Revision as of 00:31, 16 October 2011

Wiktionary > Discussion rooms > Beer parlour Wiktionary:Beer parlour/header

Contents

July 2011

How to treat participles on Wiktionary

I'd like to continue the discussion started above at Inflected German participles, but this time not only for German, but cross-linguistically since it turned out to be a problem that concerns many languages. Ok, so the basic question is how participles are to be treated best on Wiktionary. An example for participles in English would be playing as the present participle and played as the past participle of play. Let me sum up the previous discussion. Traditionally, participles are treated as verb forms, so they normally appear in inflection tables of verbal infinitives (see here for German spielen), in Wiktionary too (German, Dutch, French...). The tricky point is: Often participles are used as adjectives in sentences (and can then be declined like normal adjectives). This goes as far as that, for example, the German present participle cannot be used as a verb, only as an adjective (or adverb). This might apply to other languages and really questions whether such participles should be put under "Verb" headers (as is currently done in German and probably most other languages), and even whether they should appear in verb inflection tables.

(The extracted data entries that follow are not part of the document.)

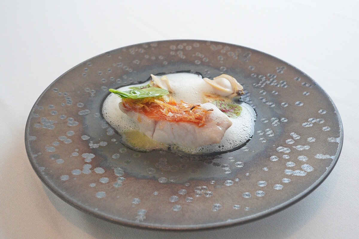 選用新鮮的金目鯛,以炭烤的方式料理,展現直火與鮮魚交會的香氣,盤底則有法式蔬菜泥,並以檸檬、奶油做調味,一旁則是當季最甜美的綠竹筍,同樣以炭烤方式引出其鮮甜細緻的口感,搭配上鮮美的蛤蜊,最後淋使用日式高湯(だし)製作的泡泡,讓整個風味勾勒串連在一起。
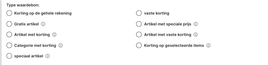 Ja, met klantenloyaliteit, gratis prijs: Als deze instelling is geselecteerd, is de aangemaakte Waardebon een CRM waardebon. Een nieuwe tegoedboncode kan worden aangemaakt in de kassa. Deze klant moet ALTIJD ingelogd zijn in de webshop of geselecteerd zijn in de kassa om de tegoedbon in te wisselen. De waarde van de Waardebon kan vrij ingevuld worden in de kassa.
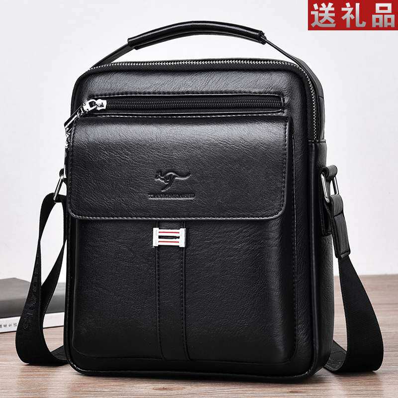 巨森袋鼠真皮竖款单肩包男斜挎包公文包商务休闲男士包包牛皮背包
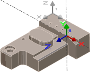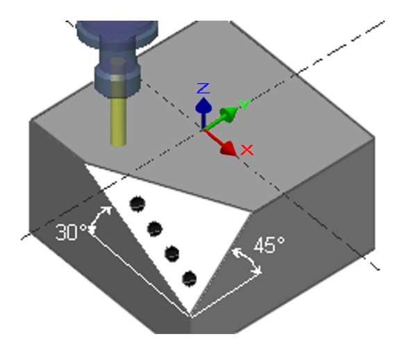In the case below, we have the rotations C -90°, A -30°, B +45°, the origin point is the center of a hole of the solid, you can select it by pressing the Ctrl and Shift keys and clicking on the edge of the hole at the same time.
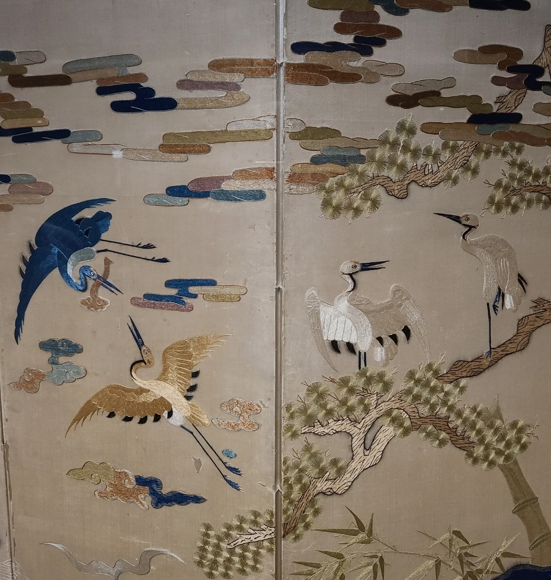 격식을 따져야 했던 시대라는 점을 감안해서 작품들을 보았을 때 확실히 유교사회이다 보니 주로 조상들에 대한 존경 그리고 행복한 부부 생활을 기원하는 의미를 동물들과 자연을 소재로 표현 한 점이 잘 연출되었어요. 특히 한쌍의 새들이 마주 보고 있는 모습과 병풍 두 폭씩 서로 마주 보는 형태가 안정감을 주는 게 인상 깊었습니다.
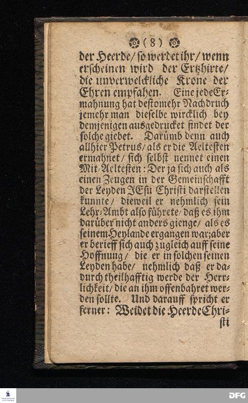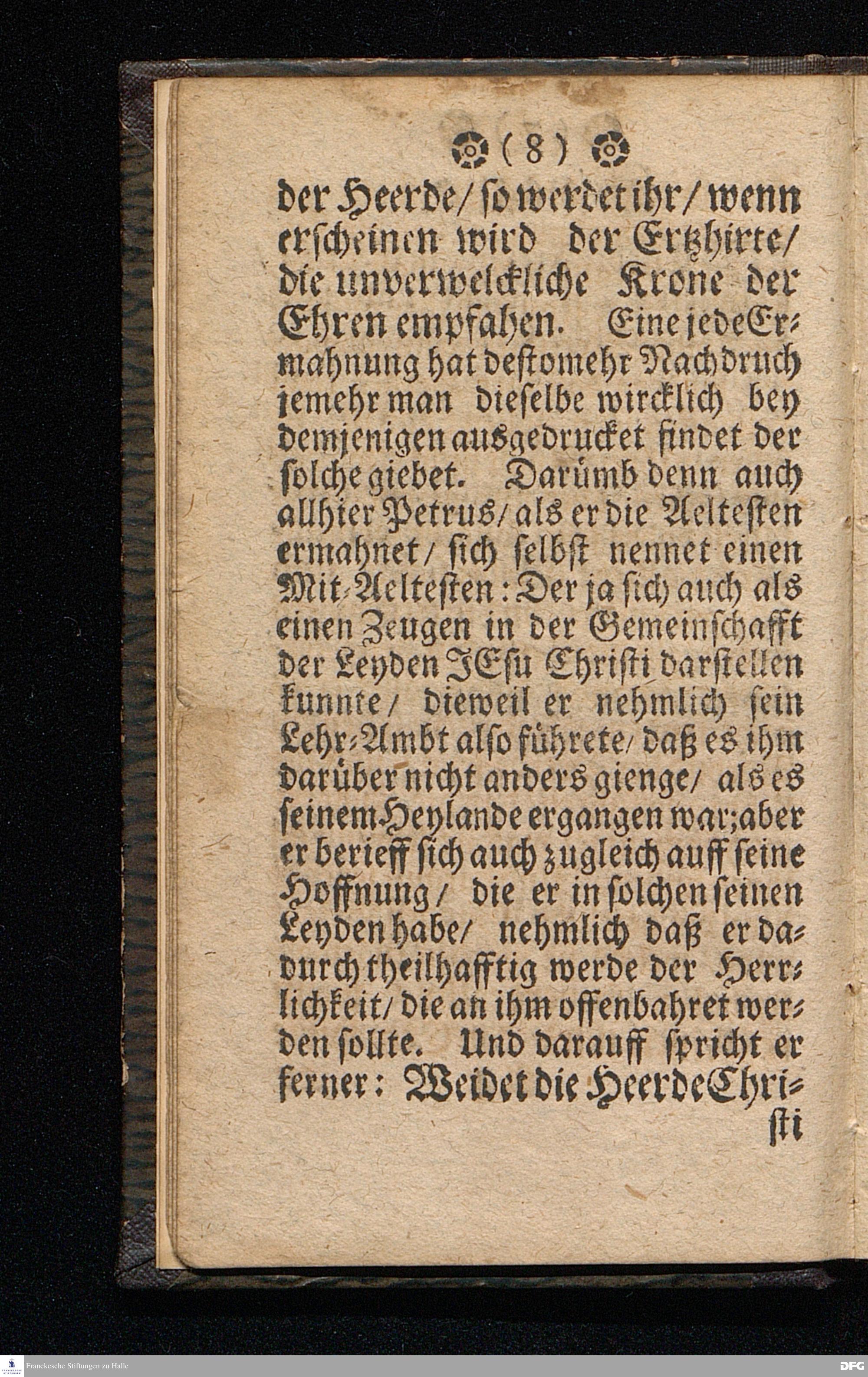 Der Dienst getreüer Lehrer nach dem Vorbilde CHristi. Am Sonntage MISERICORDIAS DOMINI Anno 1699. In einer Predigt Uber das Evangelium Joh.X, v.12--16. In der St.Georgen=Kirche zu Glaucha an Halle vorgestellet / von M.August Hermann Francken / SS.Theol.P.Ord.& P.Glauch. HALLE / Druckts Chr.Henckel / U.B. 1700.
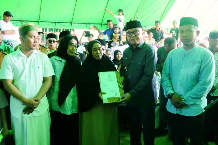 Setelah upacara pelepasan berakhir, Bupati Delis dan Ketua TP-PKK Morut Ny. Febriyanthi menyerahkan santunan dari pengurus Korpri dan TP-PKK Morut dilanjutkan dengan penyerahan akta kematian dari Disdukcapil Morut.
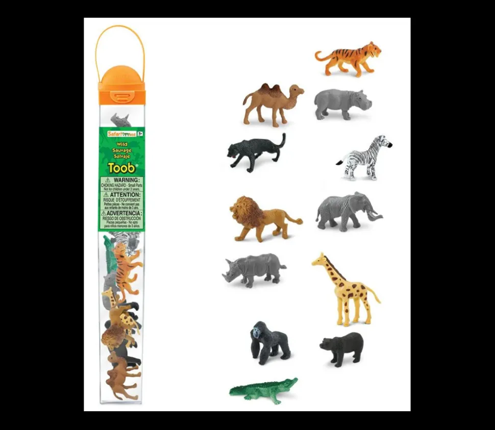 Tube de figurines animaux Sauvages en plastique pour enfants et jeux comprenant : 1 éléphant, 1 zèbre, 1 tigre, 1 hippopotame, 1 crocodile, 1 gorille, 1 rhinocéros, 1 ours brun, 1 girafe, 1 jaguar, 1 chameau, 1 lion.
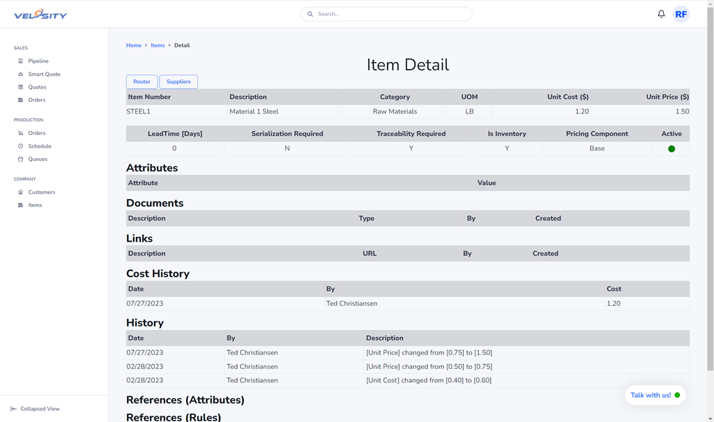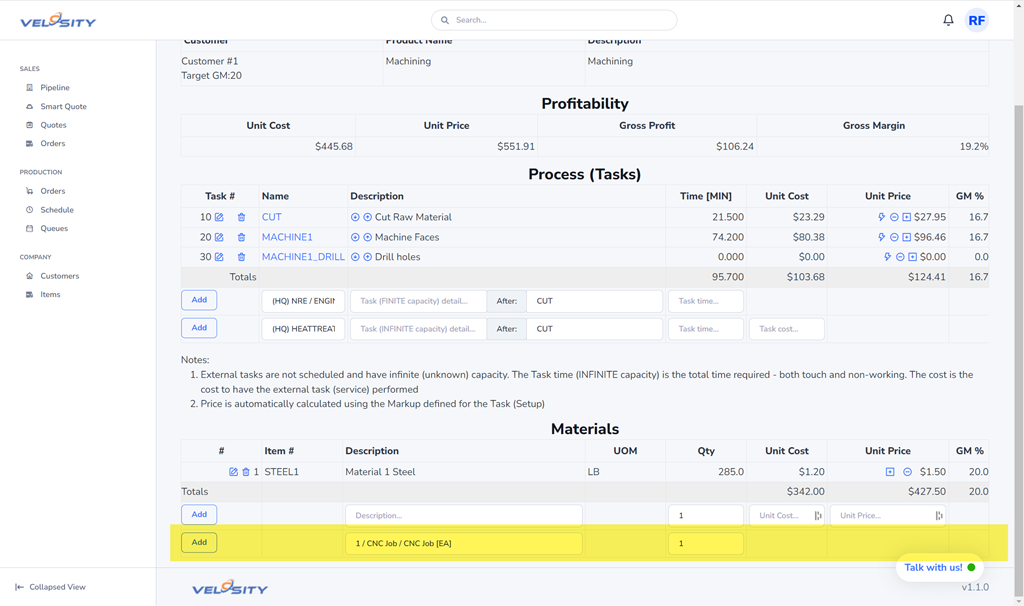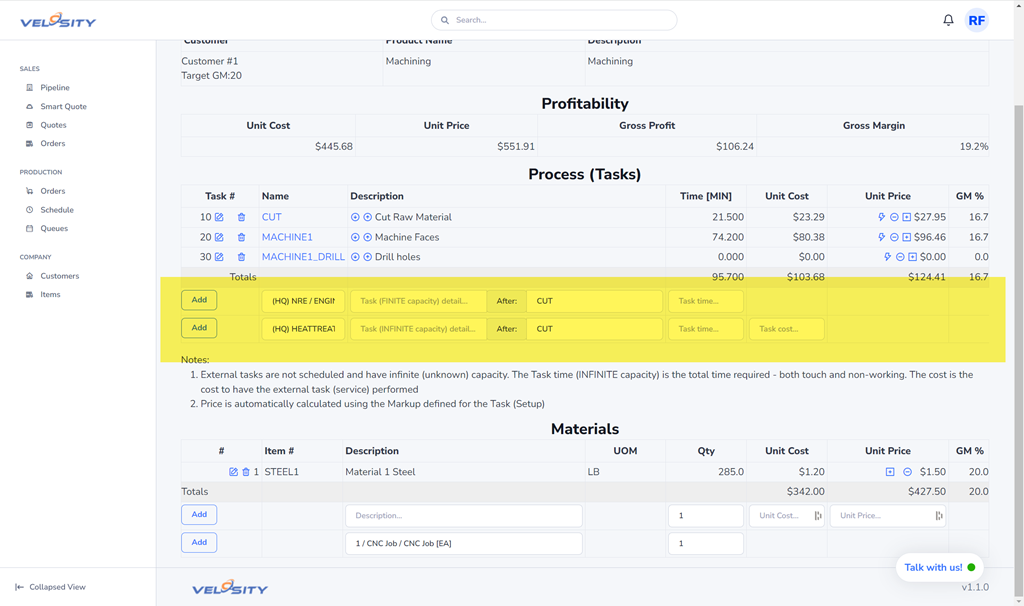 Because each order (line item) is unique, Velosity Smart Quote doesn't work. Instead the Velosity Line Item Editor is used to create the router and the BOM. The Tasks defined in the Company Setup are used to calculate the process cost. The BOM can use the Item Catalog (optional module) or the cost and price entered manually.
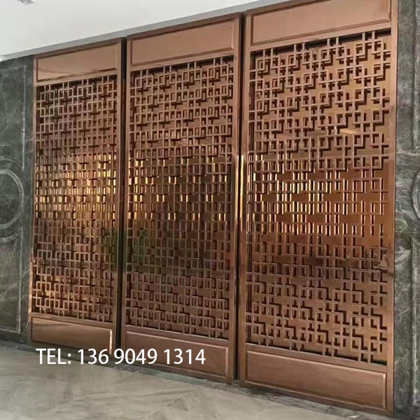 鈦金不銹鋼邊框鋁雕刻屏風(fēng)裝飾隔斷定做廠家

All in all it seems that the current "German" way of treating participles is rather bad. I know of two other possible solutions. One was proposed by Dan Polansky above. When participles only appear as adjectives (such as German present participles) they don't get a Verb but an Adjective header. When participles are used both as verbs and as adjectives (such as most German past participles), they get both headers. Personally, I think this solution makes sense except for two problems: First, for almost any verb we'd have a verb as well as an adjective section for its past participle. To me this seems redundant, but I also understand the contrary attitude that it's more clear-cut. A more serious problem would be that there appear to be cases where participles are used ambiguously so one cannot tell for sure whether they are verbs or adjectives -- e.g. German das Haus ist gebaut, Dutch het huis is gebouwd (thanks to CodeCat), French Il a sucré son café, puis a bu le café sucré (thanks to Lmaltier). If it's true that participles are something in between verbs and adjectives here, another solution might be appropriate, and that solution is already being used in Latin. For this language, there's a separate Participle header which subsumes the different Latin participles. See āctus for an example. What's the downside of such an approach? As I said, participles can be inflected, and such inflected participle forms (such as āctī) are also under a Participle header. This misses the fact that those forms are completely unambiguously used as adjectives (ambigious cases can still be inflected, as in Spanish la casa está construida, thanks CodeCat), and "participle" is probably not a proper part of speech either.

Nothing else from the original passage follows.